▸ **REQUIREMENT**:
From the line containing "This repeating block" through the last line of the listing, output each line exactly as it stands. Omit pictures.

▸ **DATA EXCERPT**:
[Start of Attachment]
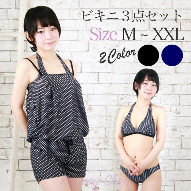 セール価格【送料無料】体型カバー水着 ロンパース ドット柄 ブルー&ブラックカラー タンキニ 3点セット 激安 リゾート
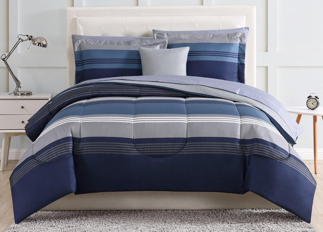 This repeating block print dominates the face of the comforter allows you to mix and match with a bonus set of sheets. Each ensemble comes with all you need to complete the bed and a decorative pillow to finish it off.
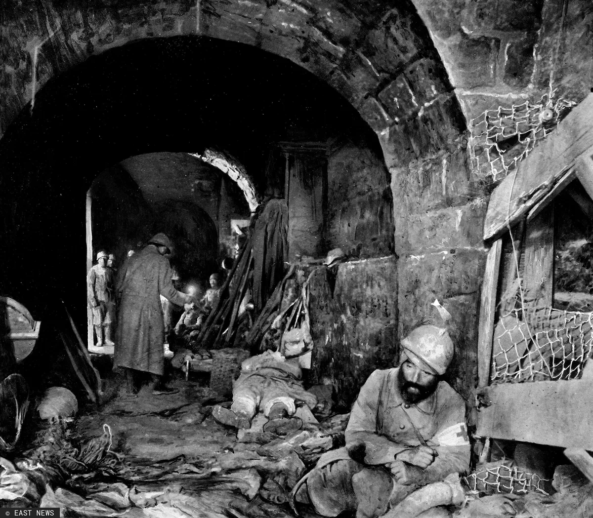 Автомобиль останавливается. Эта небольшая группа холмов — форт Vaux. Нас ведет французский солдат, у него карбидная лампа в руке. Другой солдат курит ядреный табак, и чувствуется солдатская атмосфера, одинаковая во всем мире: запах кожи, пота и сена, запах еды, табака и испарений человеческих тел. Теперь несколько ступенек вниз.
[End of Attachment]
▸ **RESULT BELOW**:
 This repeating block print dominates the face of the comforter allows you to mix and match with a bonus set of sheets. Each ensemble comes with all you need to complete the bed and a decorative pillow to finish it off.
 Автомобиль останавливается. Эта небольшая группа холмов — форт Vaux. Нас ведет французский солдат, у него карбидная лампа в руке. Другой солдат курит ядреный табак, и чувствуется солдатская атмосфера, одинаковая во всем мире: запах кожи, пота и сена, запах еды, табака и испарений человеческих тел. Теперь несколько ступенек вниз.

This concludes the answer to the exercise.